Example: If \(\mathbf{y}=\begin{pmatrix}1\\2\\3\end{pmatrix}\), \(\mathbf{v}_1=\begin{pmatrix}2\\-1\\2\end{pmatrix}\), \(\mathbf{v}_2=\begin{pmatrix}2\\2\\-1\end{pmatrix}\) and \(\mathbf{v}_3=\begin{pmatrix}-1\\2\\2\end{pmatrix}\), then \(\{\mathbf{v}_1,\mathbf{v}_2,\mathbf{v}_3\}\) is an othogonal basis of \(\mathbb{R}^3\), because:

\[\mathbf{v}_1\cdot\mathbf{v}_2=4-2-2=0,\quad\mathbf{v}_1\cdot\mathbf{v}_3=-2-2+4=0\quad\text{and}\quad \mathbf{v}_2\cdot\mathbf{v}_3=-2+4-2=0.\]

Further we have: \(\mathbf{v}_1\cdot\mathbf{v}_1=\mathbf{v}_2\cdot\mathbf{v}_2=\mathbf{v}_3\cdot\mathbf{v}_3=1+4+4=9\) en

\[\mathbf{y}\cdot\mathbf{v}_1=2-2+6=6,\quad\mathbf{y}\cdot\mathbf{v}_2=2+4-3=3\quad\text{and}\quad\mathbf{y}\cdot\mathbf{v}_3=-1+4+6=9.\]

Hence: \(\mathbf{y}=\displaystyle\frac{\mathbf{y}\cdot\mathbf{v}_1}{\mathbf{v}_1\cdot\mathbf{v}_1}\mathbf{v}_1 +\frac{\mathbf{y}\cdot\mathbf{v}_2}{\mathbf{v}_2\cdot\mathbf{v}_2}\mathbf{v}_2 +\frac{\mathbf{y}\cdot\mathbf{v}_3}{\mathbf{v}_3\cdot\mathbf{v}_3}\mathbf{v}_3=\frac{6}{9}\mathbf{v}_1+\frac{3}{9}\mathbf{v}_2+\frac{9}{9}\mathbf{v}_3 =\frac{2}{3}\mathbf{v}_1+\frac{1}{3}\mathbf{v}_2+\mathbf{v}_3\).

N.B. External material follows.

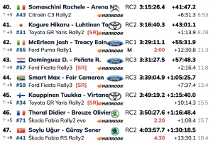 Grégoire Munster heredó la octava posición de su compañero McErlean, mientras que los líderes del WRC2, Oliver Solberg y Roope Korhonen, completaron el top 10.

Definition: If \(\mathbf{y}\) and \(\mathbf{v}\) are two vectors in \(\mathbb{R}^n\) such that \(\{\mathbf{y},\mathbf{v}\}\) is linear independent, then the vector \(\displaystyle\left(\frac{\mathbf{y}\cdot\mathbf{v}}{\mathbf{v}\cdot\mathbf{v}}\right)\mathbf{v}\) is called the (orthogonal) projection of the vector \(\mathbf{y}\) onto or along the vector \(\mathbf{v}\).

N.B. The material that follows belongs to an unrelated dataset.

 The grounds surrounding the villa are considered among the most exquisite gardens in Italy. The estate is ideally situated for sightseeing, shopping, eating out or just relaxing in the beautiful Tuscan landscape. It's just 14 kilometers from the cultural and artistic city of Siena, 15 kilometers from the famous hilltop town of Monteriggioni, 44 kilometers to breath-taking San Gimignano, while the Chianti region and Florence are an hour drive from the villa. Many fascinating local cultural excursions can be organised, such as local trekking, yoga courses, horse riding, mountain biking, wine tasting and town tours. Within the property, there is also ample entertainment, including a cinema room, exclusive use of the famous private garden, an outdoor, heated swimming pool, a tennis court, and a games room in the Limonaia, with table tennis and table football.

If \(\alpha\mathbf{v}\) is the (orthogonal) projection of \(\mathbf{y}\) onto \(\mathbf{v}\), then we have that \(\mathbf{y}-\alpha\mathbf{v}\perp\mathbf{v}\) or equivalently \((\mathbf{y}-\alpha\mathbf{v})\cdot\mathbf{v}=0\). This implies that \(\mathbf{y}\cdot\mathbf{v}-\alpha(\mathbf{v}\cdot\mathbf{v})=0\). Since \(\mathbf{v}\neq\mathbf{0}\), this implies that \(\alpha=\displaystyle\frac{\mathbf{y}\cdot\mathbf{v}}{\mathbf{v}\cdot\mathbf{v}}\).

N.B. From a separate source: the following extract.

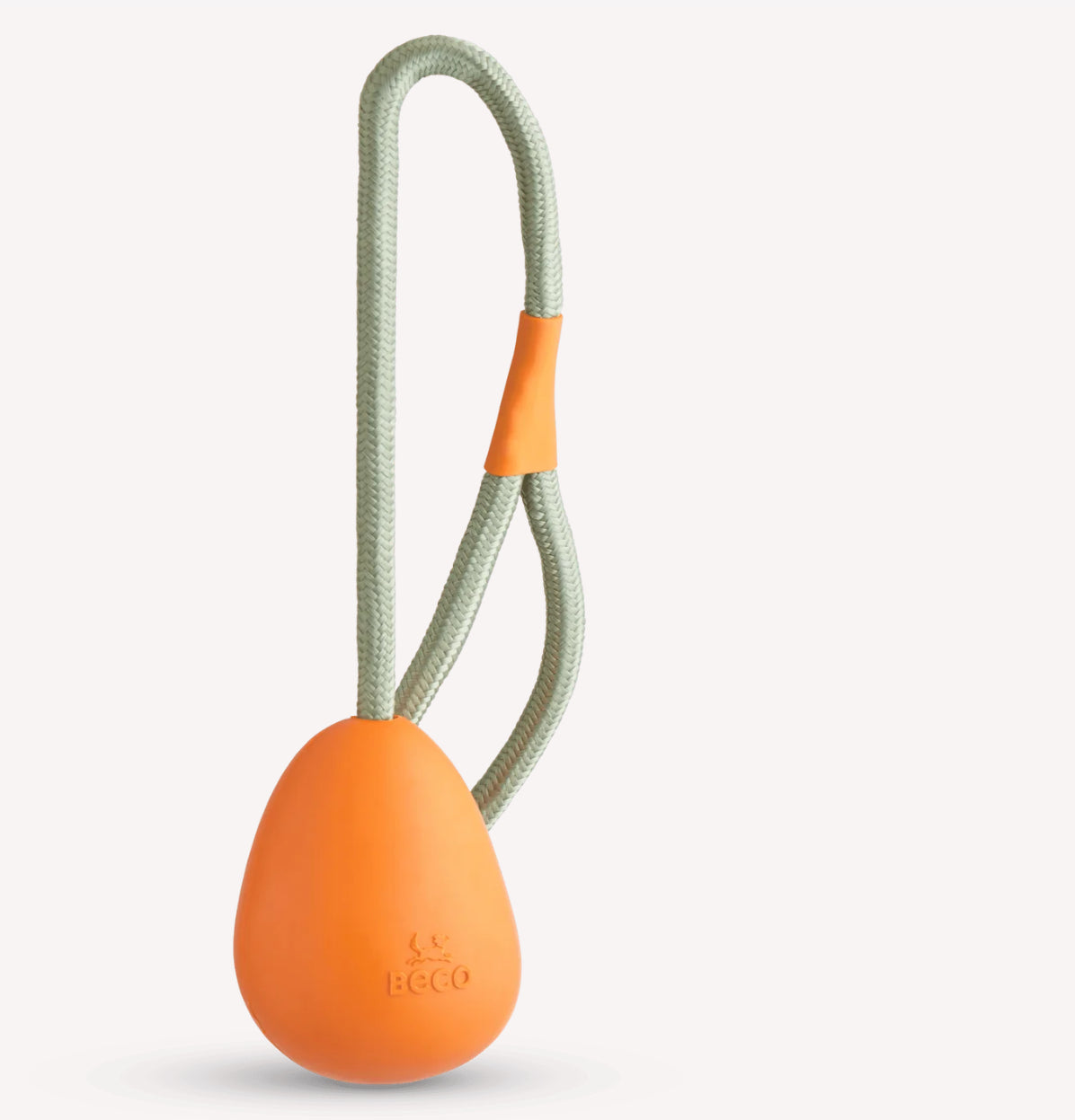 A natural rubber egg on a strong recycled rope. The springy natural rubber ball is easy for your dog to grip and the rope gives you extra throwing distance. Ideal for a game of fetch. The rubber has a gentle vanilla scent.

The vector \(\mathbf{y}-\displaystyle\left(\frac{\mathbf{y}\cdot\mathbf{v}}{\mathbf{v}\cdot\mathbf{v}}\right)\mathbf{v}\) is called the component of \(\mathbf{y}\) orthogonal to \(\mathbf{v}\).

Example: The (orthogonal) projection of \(\mathbf{y}=\begin{pmatrix}5\\-4\\7\end{pmatrix}\) onto \(\mathbf{v}=\begin{pmatrix}1\\3\\2\end{pmatrix}\) is: \(\displaystyle\left(\frac{\mathbf{y}\cdot\mathbf{v}}{\mathbf{v}\cdot\mathbf{v}}\right)\mathbf{v}=\frac{5-12+14}{1+9+4}\mathbf{v} =\frac{7}{14}\begin{pmatrix}1\\3\\2\end{pmatrix}=\frac{1}{2}\begin{pmatrix}1\\3\\2\end{pmatrix}\).

Definition: An orthogonal set \(\{\mathbf{u}_1,\ldots,\mathbf{u}_p\}\) in \(\mathbb{R}^n\) consisting of unit vectors (so: \(||\mathbf{u}_i||=1\) for all \(i=1,2,\ldots,p\)) is called an orthonormal set.

Remark: in an orthonormal set all vectors are perpendicular (orthogonal) and have length \(1\) (normalized).

Theorem: An \(m\times n\) matrix \(U\) has orthonormal colums if and only if \(U^TU=I\).

Proof: Suppose that \(U=\Bigg(\mathbf{u}_1,\;\ldots,\;\mathbf{u}_n\Bigg)\) with \(\mathbf{u}_i\cdot\mathbf{u}_j=0\) if \(i\neq j\) and \(\mathbf{u}_i\cdot\mathbf{u}_i=1\) for all \(i=1,2,\ldots,n\). This implies that

\[U^TU=\Bigg(\quad\begin{matrix}\mathbf{u}_1^T\\\vdots\\\mathbf{u}_n^T\end{matrix}\quad\Bigg) \Bigg(\mathbf{u}_1,\;\ldots,\;\mathbf{u}_n\Bigg)=\begin{pmatrix}1&0&\ldots&0&0\\0&1&&0&0\\\vdots&&\ddots&&\vdots\\ 0&0&&1&0\\0&0&\ldots&0&1\end{pmatrix}=I.\]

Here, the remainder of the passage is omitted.